===== SUPPLIED RECORDS

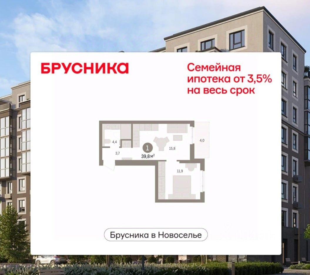 1-комн. квартира от застройщика с предчистовой отделкой в ЖК "Брусника в Новоселье" на 7 этаже. Общая площадь: 39.8 кв.м., жилая: 11.9 кв.м., площадь просторной кухни-столовой: 15.8 кв.м. Все окна выходят на одну сторону. В квартире одна лоджия, один совмещенный санузел. Высота потолков 2.7 м.
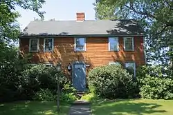 The Timothy Goodman House stands in southeastern West Hartford, on the west side of Quaker Lane (a busy north–south local artery) just north of its junction with Jackson Avenue. It is a 2+12-story wood-frame structure, with a gabled roof and clapboarded exterior. It is five bays wide, with a large central chimney and a rear leanto section, giving it a saltbox appearance. The bays are symmetrically located but not regularly spaced, with wide spaces on either side of the center entrance. The doors, windows, and house corners all have simple trim. The interior includes a number of early 18th-century features, including wood paneled fireplace surrounds, enclosed main beams, and original period doors and door hardware.[2]
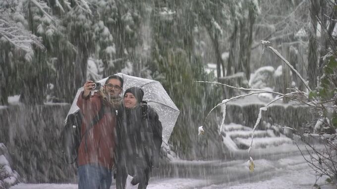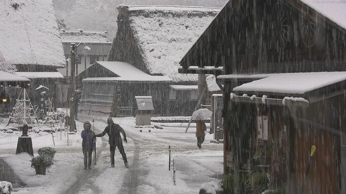 上空の寒気の影響で岐阜県白川村では朝から雪が積もり始め、午前11時までに積雪は最大3センチ、飛騨市河合でも5センチの雪が積もりました。
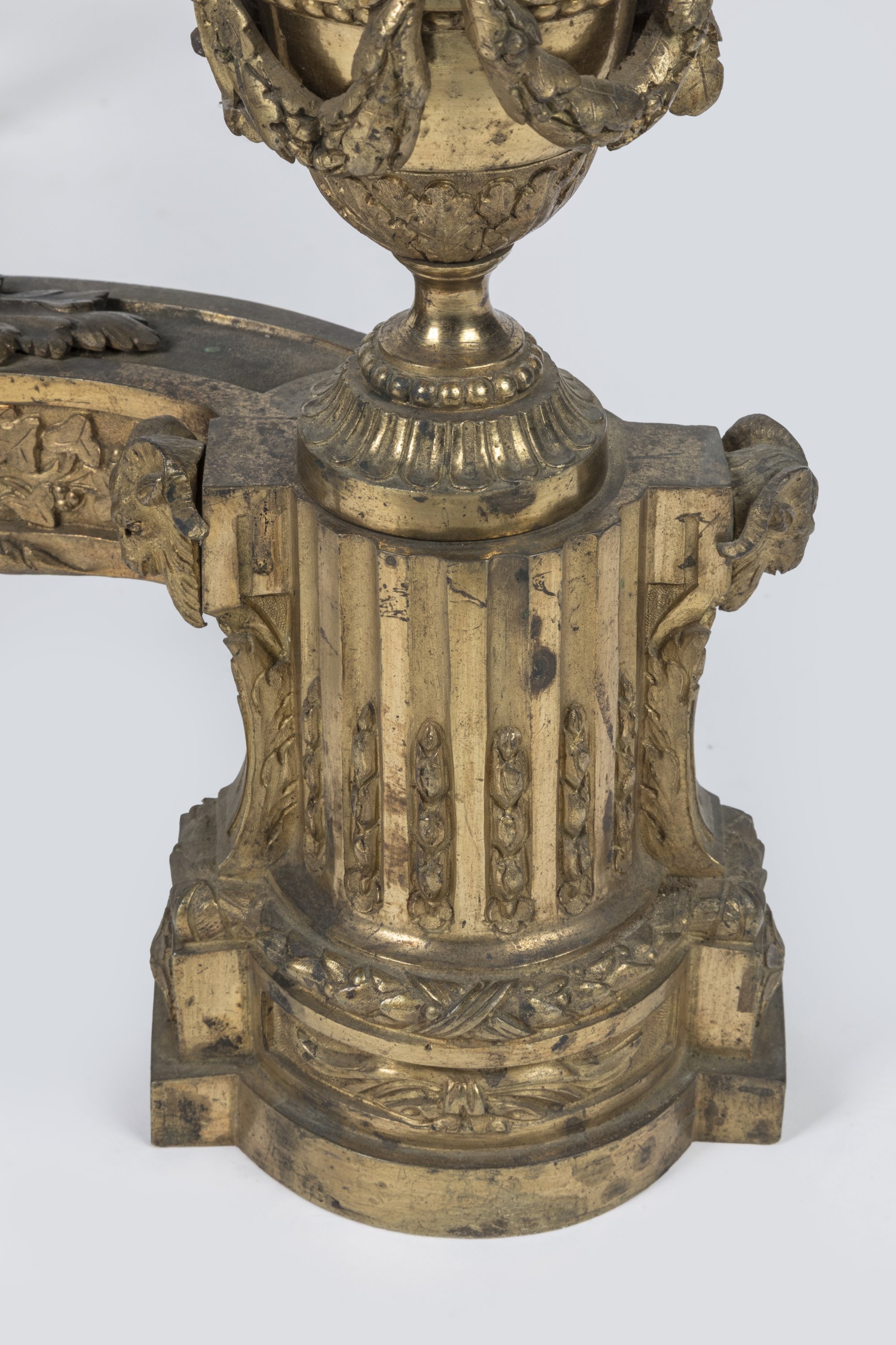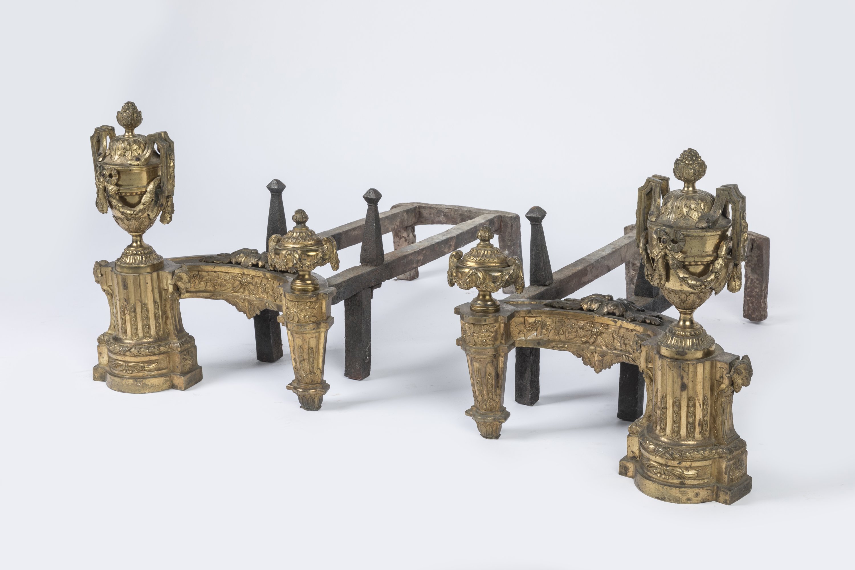 A pair of gilded and chiseled bronze andirons. Louis XVI style, 19th century.
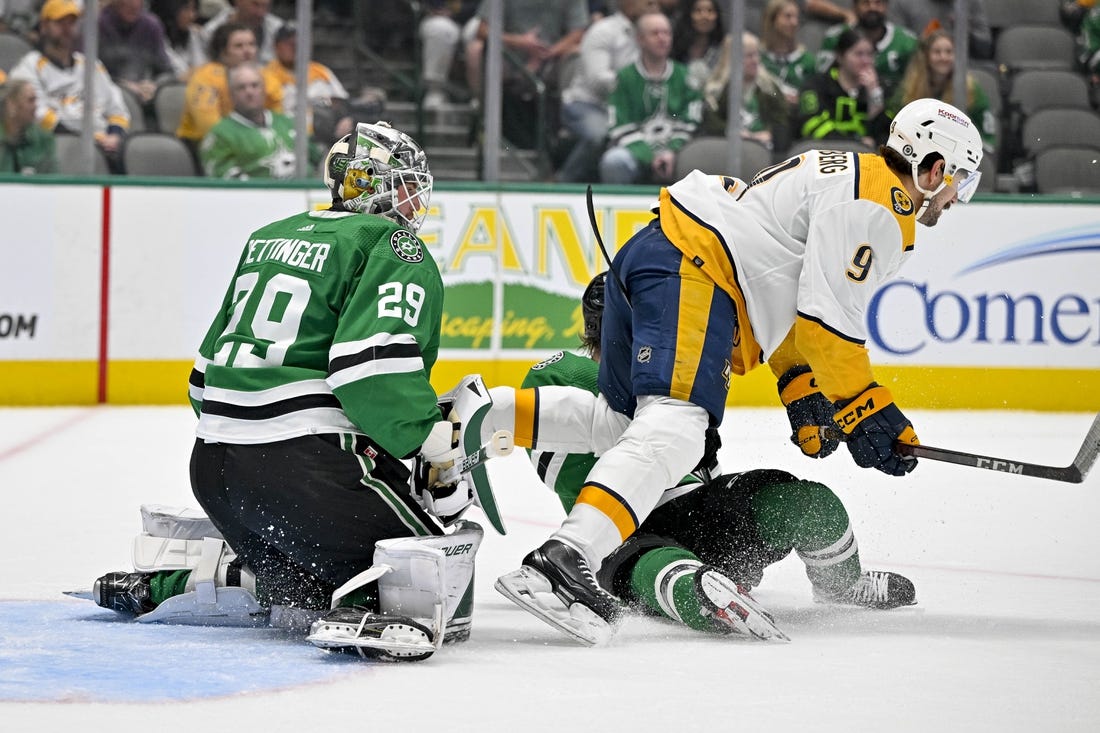 Dallas jumped out to a 1-0 lead at the 4:46 mark of the first period on a shorthanded goal. Hintz had just jumped off the bench and snuck up behind Roman Josi at the left point where he poke-checked the puck away to Heiskanen, who sprung Hintz on a breakaway. Hintz then fired a wrist shot past Saros into the top left corner.
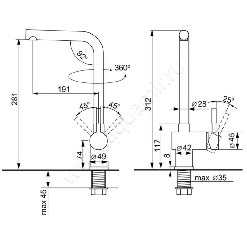 - Поворотный излив

==========

TASK PROMPT:
Each record is to be copied word for word, with no images carried over.

WRITTEN SOLUTION:
 1-комн. квартира от застройщика с предчистовой отделкой в ЖК "Брусника в Новоселье" на 7 этаже. Общая площадь: 39.8 кв.м., жилая: 11.9 кв.м., площадь просторной кухни-столовой: 15.8 кв.м. Все окна выходят на одну сторону. В квартире одна лоджия, один совмещенный санузел. Высота потолков 2.7 м.
 The Timothy Goodman House stands in southeastern West Hartford, on the west side of Quaker Lane (a busy north–south local artery) just north of its junction with Jackson Avenue. It is a 2+12-story wood-frame structure, with a gabled roof and clapboarded exterior. It is five bays wide, with a large central chimney and a rear leanto section, giving it a saltbox appearance. The bays are symmetrically located but not regularly spaced, with wide spaces on either side of the center entrance. The doors, windows, and house corners all have simple trim. The interior includes a number of early 18th-century features, including wood paneled fireplace surrounds, enclosed main beams, and original period doors and door hardware.[2]
 上空の寒気の影響で岐阜県白川村では朝から雪が積もり始め、午前11時までに積雪は最大3センチ、飛騨市河合でも5センチの雪が積もりました。
 A pair of gilded and chiseled bronze andirons. Louis XVI style, 19th century.
 Dallas jumped out to a 1-0 lead at the 4:46 mark of the first period on a shorthanded goal. Hintz had just jumped off the bench and snuck up behind Roman Josi at the left point where he poke-checked the puck away to Heiskanen, who sprung Hintz on a breakaway. Hintz then fired a wrist shot past Saros into the top left corner.
 - Поворотный излив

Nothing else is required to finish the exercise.